However, in spite of its reliable mechanical properties, when titanium is used to fabricate cast devices, its high melting point and highly chemical reactivity at high temperatures make the manipulation of this material difficult⁷. Titanium has strong affinity to ambient elements and at high temperatures it can be easily oxidized, dissolving elements as oxygen, nitrogen and hydrogen^14,18. Therefore, the reactive nature of titanium and uncontrolled atmospheres used in fabrication of denture frameworks might deleteriously alter the composition and microstructure of the products as provided by the manufacturers⁴. Cast machines have been developed to use inert atmospheric gas to avoid contamination during melting and casting. Titanium has been melted in arc-melting furnace or high frequency heating in argon or helium gas¹⁴.

The castability of titanium can be influenced by the investment material and mold temperature¹⁷. Investment materials used for casting titanium are refractory materials in which the reactivity with titanium is reduced by using components with low standard free energy of oxide, such as alumina, magnesia and zirconium oxide. However, the formation of the reaction layer or oxide layer is not inhibited by improvement of the investment¹⁰.

The mold temperature recommended by the manufacturer is low to protect the metal from reacting with the investment¹⁵. However, high thermal expansion for the compensation of the metal shrinkage does not occur at this low temperature¹². Higher mold temperatures may affect fit of cast titanium crowns by increasing the fluidity of the melted metal during injection in the mold, improving the castability and yielding crowns with clinically acceptable levels of fit⁷.

Since the mold temperature recommended by manufacturers has been reported in the literature as relatively low to avoid chemical reactions, leading to lower castability and poor marginal fit of cast CP Ti crowns, the aim of this study was to evaluate and compare the influence of mold temperature of the investment (430°C - as control, 550°C, 670°C) in marginal fit of crowns made with CP Ti.

MATERIAL AND METHODS

Eight bovine teeth with their roots embedded in acrylic resin (Clássico Ltda., Campo Limpo Paulista, Brazil) blocks were prepared based on the protocol reported by Blackman et al.³ (1992): 1.5 mm shoulder finish line and an 8° angle of axial convergence (Figure 1). Preparations were standardized on a mechanical grinding device (TR 600, Riosulense, Rio do Sul, SC, Brazil) with constant irrigation with distilled water at room temperature. Approximately 1 mm below the cervical preparation line, four diametrically opposed reference points (Figure 1) for marginal fit measuring procedures were made using a round bur (KG Sorensen Ind. e Com. Ltda., São Paulo, Brazil) in a rotary instrument (Dabi Atlante, Ribeirão Preto, Brazil)⁶.

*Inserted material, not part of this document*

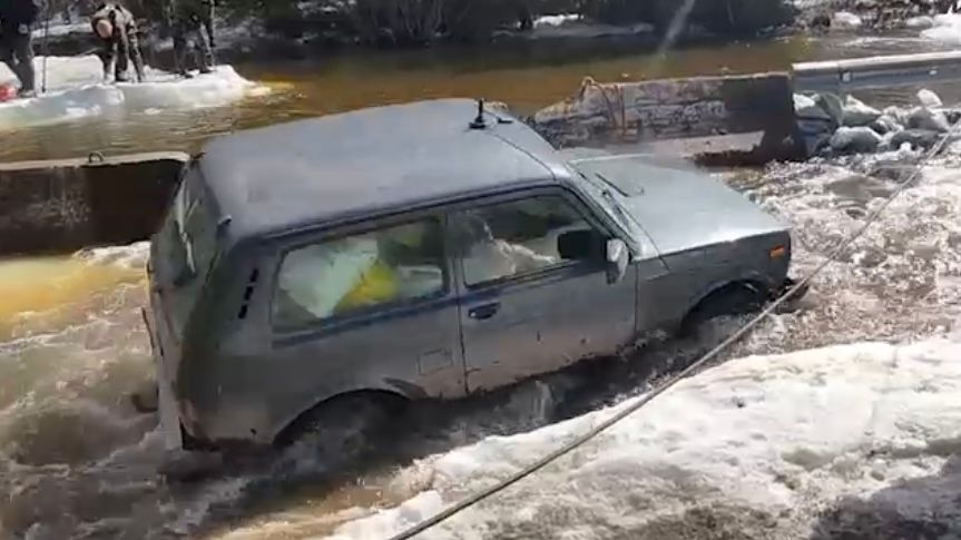 Местные долбят лёд, чтобы вода не продолжала прибывать.

Twenty-four crowns were fabricated using CP Ti (Dentaurum JP Winkelstroeter KG, Pforzheim, Germany) in three different groups (n = 8), each one with a different mold temperature: 430°C (group 1 control), 550°C (group 2) and 670°C (group 3). Impression trays (Clássico Ltda., Campo Limpo Paulista, Brazil) were used to standardize the thickness of impression material. Vinyl polysiloxane (Aquasil, Dentsply Detrey GmbH, Konstanz, Germany) impressions with a double-mix technique were used to duplicate each tooth and produce eight master dies. They were fabricated with type V dental stone (Exadur V, Polidental, São Paulo, SP, Brazil).

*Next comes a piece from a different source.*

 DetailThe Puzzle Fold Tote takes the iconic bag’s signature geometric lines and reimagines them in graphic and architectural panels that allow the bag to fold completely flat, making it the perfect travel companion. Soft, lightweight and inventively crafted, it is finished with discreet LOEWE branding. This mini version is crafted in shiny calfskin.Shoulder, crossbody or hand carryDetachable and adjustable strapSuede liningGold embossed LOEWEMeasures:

The 0.7 mm-thickness patterns were waxed (Dentaurum JP Winkelstroeter KG, Pforzheim, Germany) on the master dies through a wax dipping unit (Hotty, Renfert GmbH, Hilzingen, Germany) and a sprue was waxed in the labial cusp areas with 3.0 mm-diameter wax¹³. The investment material for titanium casts was used (Rematitan Plus, Dentaurum JP Winkelstroeter KG, Pforzheim, Germany) with a ratio of 250 g of powder to 40 ml of liquid. The investment material was dispensed into a mixing vessel and the powder was fully incorporated. The mixing was carried out under vacuum at a speed of 425 rpm for 30 seconds using a mechanical mixer (Degussa, Frankfurt, Germany). The patterns were invested in casting rings (Dentaurum JP Winkelstroeter KG, Pforzheim, Germany) through mechanical vibration¹².

After setting, the investment blocks were put in an electric furnace (Vulcan 3.550, Ney Dental Inc., Yucaipa, USA) at a heating rate of 7°C/minute, following the cycle: 250°C/60 minutes, 1,000°C/90 minutes, and then, cooling in the furnace at a rate of 7°C/minute for the target temperature of each group (430°C, 550°C and 670°C), which was maintained for two hours. The CP Ti crowns were cast in a titanium-casting machine (Dentaurum JP Winkelstroeter KG, Pforzheim, Germany) with the use of 31 g ingots and 0.95 bar argon pressure^1,6,19.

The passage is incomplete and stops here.